▶ _TASK OBJECTIVE_:
Please retype the listing below word for word and exclude its images.

#### AVAILABLE DATA ####

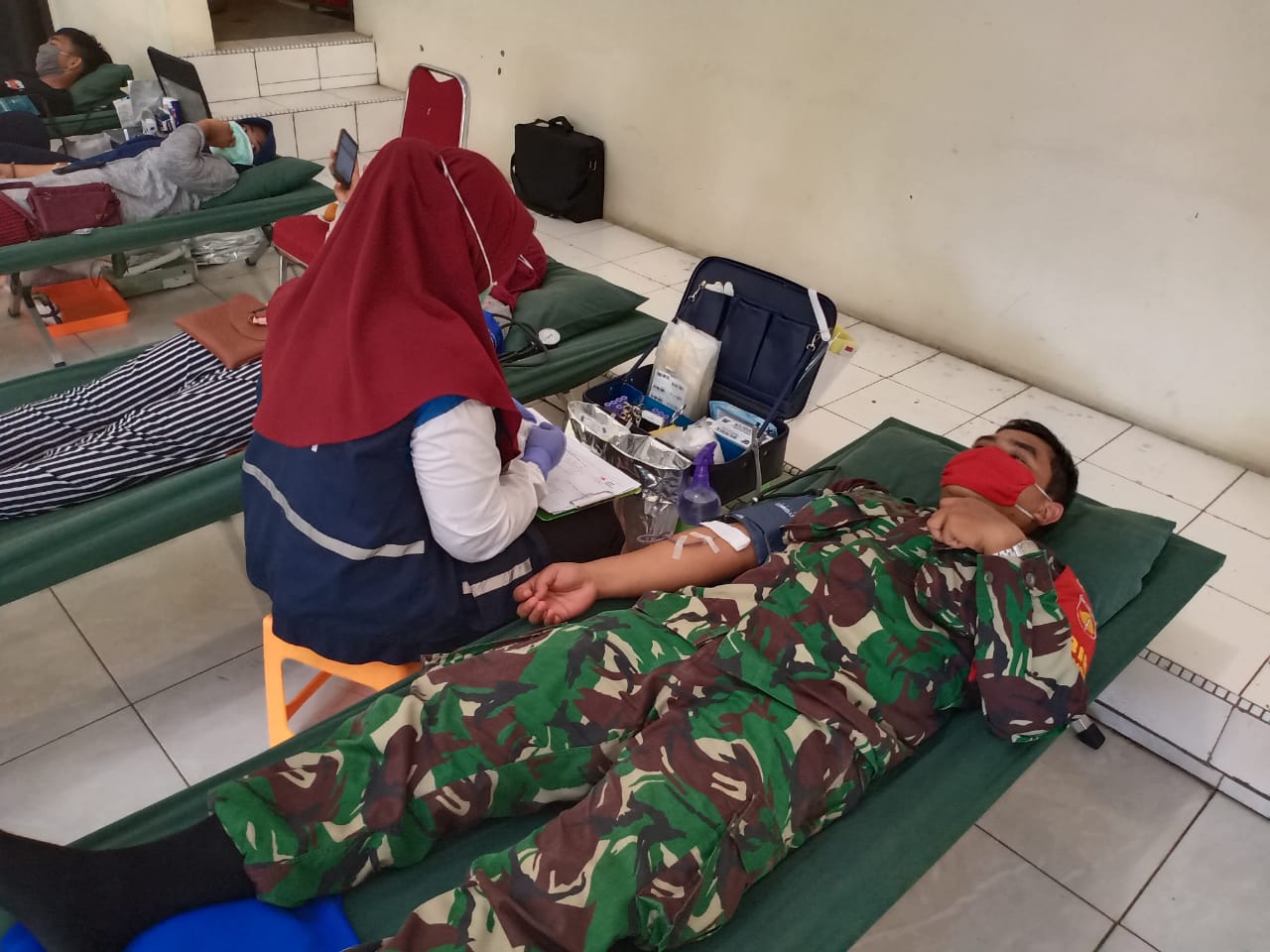 Kudus – Satgas TMMD Reguler Ke-107 Kodim 0722/Kudus bekerja sama dengan Palang Merah Indonesia(PMI) Cabang Kudus mengadakan donor darah guna mengantisipasi kekurangan persediaan darah ditengah penyebaran Covid-19,Rabu 15/04/20.
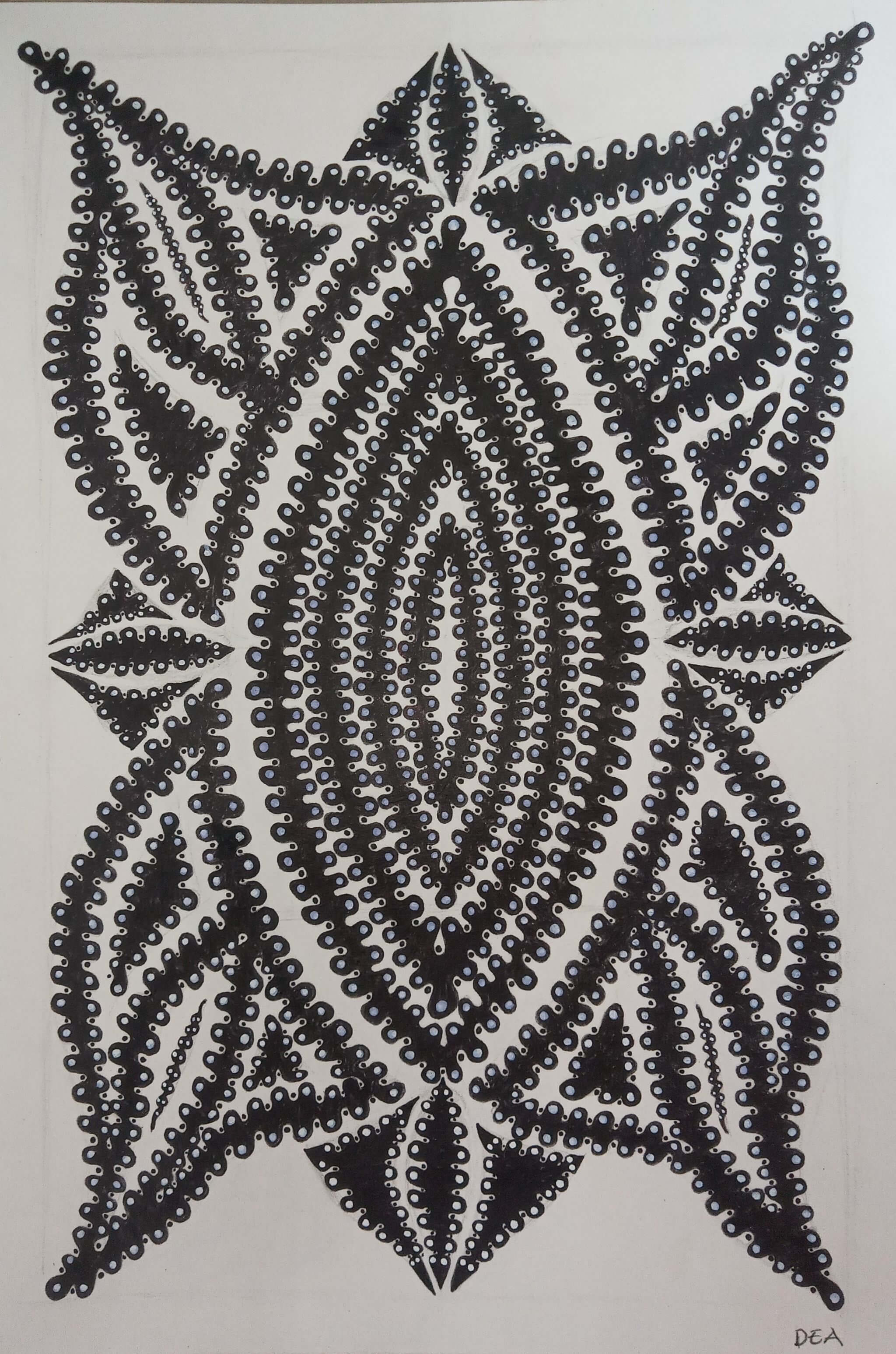 My work draws inspiration from natural forms and is abstract in nature. I love spirals and repetitive patterns and shapes. Seeds and chrysalides often pop up as well, as I am interested in the idea of metamorphosis and transformation.
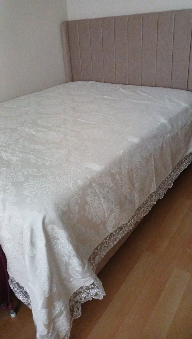 Parlak görünümlü, işlemeli ve dantel kenarlı beyaz yatak örtüsü, yatak odasına zarafet katar ️.
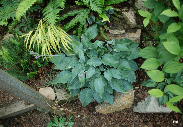 Bubbatini wsród innych roślin - w centrum niebieska hosta
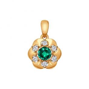 Серьги из золочёного серебра SOKOLOV с фианитом и гидротермальным изумрудом 82020003

####

▶ _RESPONSE_:
 Kudus – Satgas TMMD Reguler Ke-107 Kodim 0722/Kudus bekerja sama dengan Palang Merah Indonesia(PMI) Cabang Kudus mengadakan donor darah guna mengantisipasi kekurangan persediaan darah ditengah penyebaran Covid-19,Rabu 15/04/20.
 My work draws inspiration from natural forms and is abstract in nature. I love spirals and repetitive patterns and shapes. Seeds and chrysalides often pop up as well, as I am interested in the idea of metamorphosis and transformation.
 Parlak görünümlü, işlemeli ve dantel kenarlı beyaz yatak örtüsü, yatak odasına zarafet katar ️.
 Bubbatini wsród innych roślin - w centrum niebieska hosta
 Серьги из золочёного серебра SOKOLOV с фианитом и гидротермальным изумрудом 82020003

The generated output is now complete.